Measurement of Thrombin-Alpha-2-Macroglobulin Complexes Generated in Plasma

The aim of this study was to evaluate methods to determine the concentration of thrombin-a2-macroglobulin (TAM) complexes in thrombin generation (TGA) reactions. Specifically, methods for standardized and convenient sample transfer from TGA assays to TAM assays were evaluated with the aim to evaluate the impact of TAM in TGA assays and – if necessary – to make the combination of the two assays applicable for clinical routine.
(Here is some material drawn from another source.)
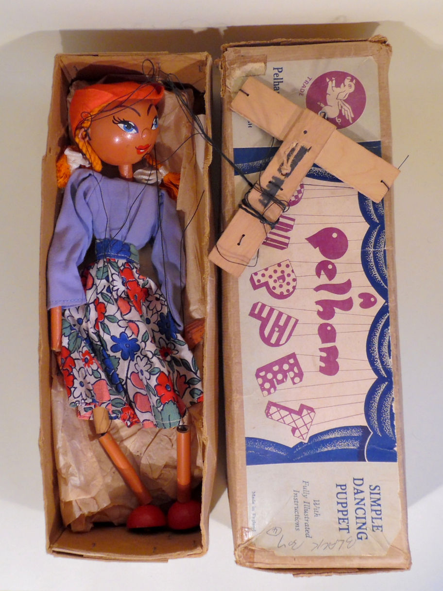 Type LS Girl, in very good condition with a lovely coloured costume and red rope plaits. She is clean and bright all over. She has lead hands and bamboo limbs. Box shelf worn with tape marks and a split, with a set of instructions. The box is stamped one end and has writing on the top as seen.

Furthermore, we asked the question whether concentration of TAM complexes during TGA varies significantly in normal samples and in anticoagulated or thrompophilic samples and thus would influence TGA results.

Currently available TGA assays measure not only free thrombin but also a2-Macroglobulin bound thrombin which is measured in such assays and might lead to overestimate the amount of thrombin generated in TGA. Methods which use mathematical correction for this overestimation assume the same concentration of TAM complexes in different types of samples. This is certainly not the case in children, who have much higher concentrations of a2M. For a correct determination of thrombin generated it could be necessary to measure the concentration of TAM complexes in each TGA reaction individually. Recently a new immuno-activity assay for measuring TAM complexes has been developed (Technozym^®TAM ELISA assay).

The TECHNOTHROMBIN^® TGA assay used in this study does not include any fibrin polymerization inhibitors. Thus the sample transfer from the TGA reaction to the TAM assay is hampered by the clot that forms during thrombin generation. For a routine application of both tests, convenient methods to remove the clot without influencing the result of the TAM assay have to be developed.

Thrombin generation was measured using the TECHNOTHROMBIN^® TGA assay.

TAM complexes were measured using TECHNOZYM^® TAM ELISA. The amount of thrombin in TAM complex is expressed in % of the total amount of thrombin generated. Sample material for the TGA assay was citrated plasma. Samples for TAM assay were taken as subsamples after completion of the TGA reaction. The following methods were used for removal of the clot: centrifugation at 13.000 g for 5 min, filtration through 1.2 μm, low protein binding filters using the standardized filtration device CEVERON^® MFU 500. For comparison liquid was just pipetted from the TGA reaction without prior removal of the clot.

In normal plasma samples (pool of 10 donors) the total amount of thrombin generated (= AUC: area under the curve) was 5110 nM ± 321. (Intra assay variation CV< 5%, n=4; inter-assay variation CV<10% N=2). Approximately 1% of total thrombin generated was found in TAM complexes (mean value of TAM/AUC ratio 1,1% ± 0,1%, mean TAM concentration 56,3nM ±3,8). No significant difference in TAM values for clot removal by centrifugation or filtration could be found (n=8; p=0,1). In contrast, pipetting the sample from the TGA reaction without clot removal yielded significantly lower TAM values (n=8; p=0,003). For individual normal samples (n=10) similar mean values were found: 4380 nM ± 281 for AUC, 47± 10 for TAM. The ratio of TAM/AUC was 1,1% ± 0,2.

In heparinized plasma samples (0.1IU/mL Heparin), the percentage of thrombin in TAM was as expected lower than 1% indicating that heparin competes with the formation of TAM complexes.

Anticoagulated samples (n=4) seem to have a tendency to lower TAM/AUC ratios (below 1%) and thrombophilic samples (n=5) above 1% - testing of larger numbers of samples is currently performed to confirm this finding.

The results of the method evaluation show that analyzing of samples from the TGA assay for thrombin-a2-Macroglobulin can be conveniently achieved by removal of the clot by filtration under standardized conditions. This offers possibilities for routine application of the combination of TGA and TAM assays.

Analysis of different samples indicates that TAM complexes might be altered in anticoagulated or thrombophilic state. From this limited study it seems that the amount of TAM in TGA assays does not vary too much in individual groups of samples as TAM would influence TGA results.